Lesley Mathis knows what her daughter said was wrong. But she never expected the 13-year-old girl would get arrested for it.

The teenage girl made an offensive joke while chatting online with her classmates, triggering the school’s surveillance software.

Before the morning was even over, the Tennessee eighth grader was under arrest. She was interrogated, strip-searched and spent the night in a jail cell, her mother says.

Earlier in the day, her friends had teased the teen about her tanned complexion and called her “Mexican,” even though she’s not. When a friend asked what she was planning for Thursday, she wrote: “on Thursday we kill all the Mexico’s.”

Mathis said the comments were “wrong” and “stupid,” but context showed they were not a threat.

“It made me feel like, is this the America we live in?” Mathis said of her daughter’s arrest. “And it was this stupid, stupid technology that is just going through picking up random words and not looking at context.”

Surveillance systems in American schools increasingly monitor everything students write on school accounts and devices. Thousands of school districts across the country use software like Gaggle and Lightspeed Alert to track kids’ online activities, looking for signs they might hurt themselves or others. With the help of artificial intelligence, technology can dip into online conversations and immediately notify both school officials and law enforcement.

Educators say the technology has saved lives. But critics warn it can criminalize children for careless words.

“It has routinized law enforcement access and presence in students’ lives, including in their home,” said Elizabeth Laird, a director at the Center for Democracy and Technology.
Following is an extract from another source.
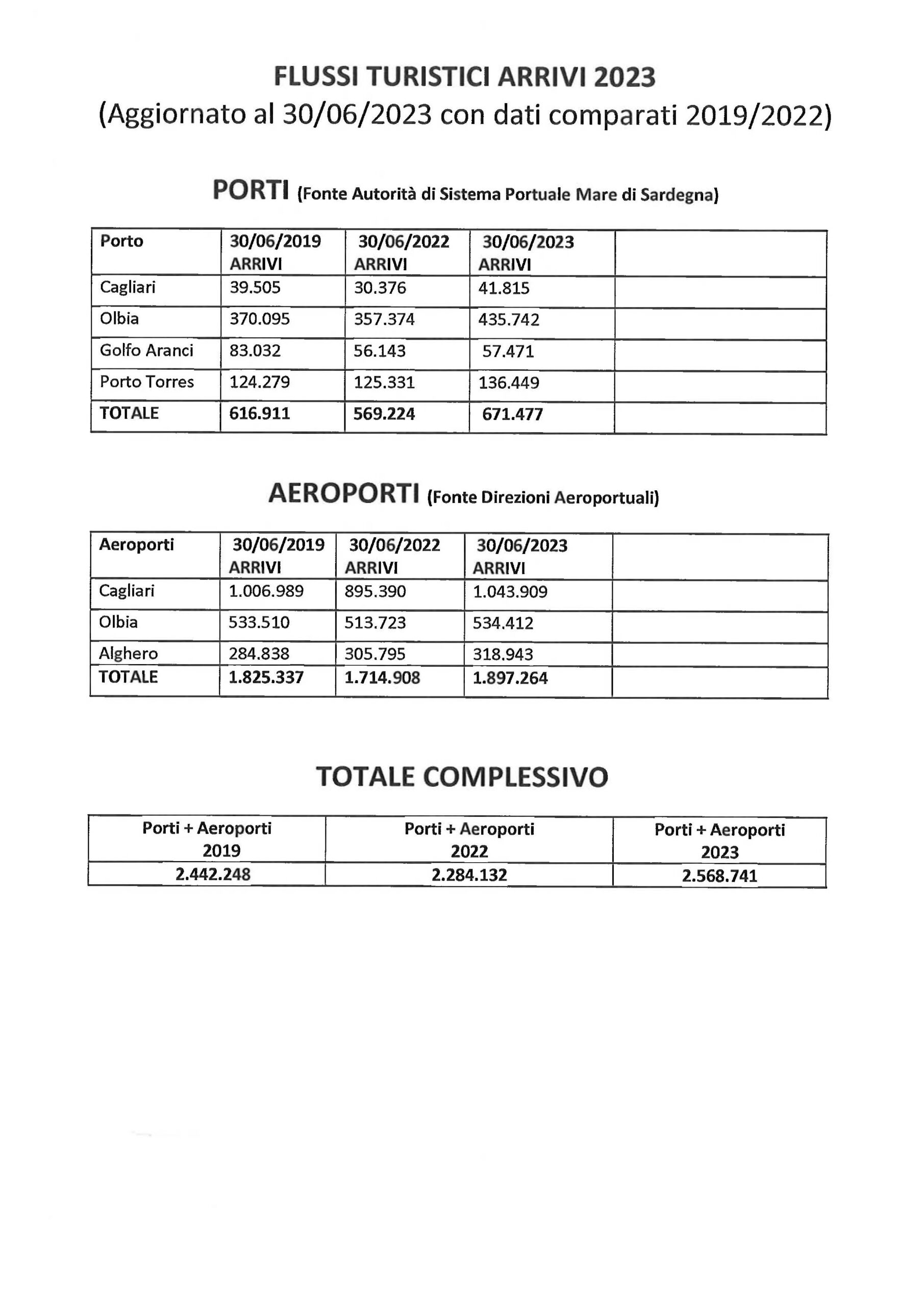 Lo ha detto l’assessore del Turismo, Gianni Chessa, comunicando i numeri degli arrivi in Sardegna fino al 30 giugno 2023: in totale sono stati 2.568.741; nel 2022, 2.284.132; nel 2019, 2.442.248. Nel dettaglio: nei porti, 671.477 (2023); 569.224 (2022); 616.911 (2019); negli aeroporti, 1.897.264 (2023); 1.714.908 (2022); 1.825.537 (2019).

Schools ratchet up vigilance for threats

In a country weary of school shootings, several states have taken a harder line on threats to schools. Among them is Tennessee, which passed a 2023 zero-tolerance law requiring any threat of mass violence against a school to be reported immediately to law enforcement.

The 13-year-old girl arrested in August 2023 had been texting with friends on a chat function tied to her school email at Fairview Middle School, which uses Gaggle to monitor students’ accounts. (The Associated Press is withholding the girl’s name to protect her privacy. The school district did not respond to a request for comment.)

Taken to jail, the teen was interrogated and strip-searched, and her parents weren’t allowed to talk to her until the next day, according to a lawsuit they filed against the school system. She didn’t know why her parents weren’t there.

“She told me afterwards, ‘I thought you hated me.’ That kind of haunts you,” said Mathis, the girl’s mother.

A court ordered eight weeks of house arrest, a psychological evaluation and 20 days at an alternative school for the girl.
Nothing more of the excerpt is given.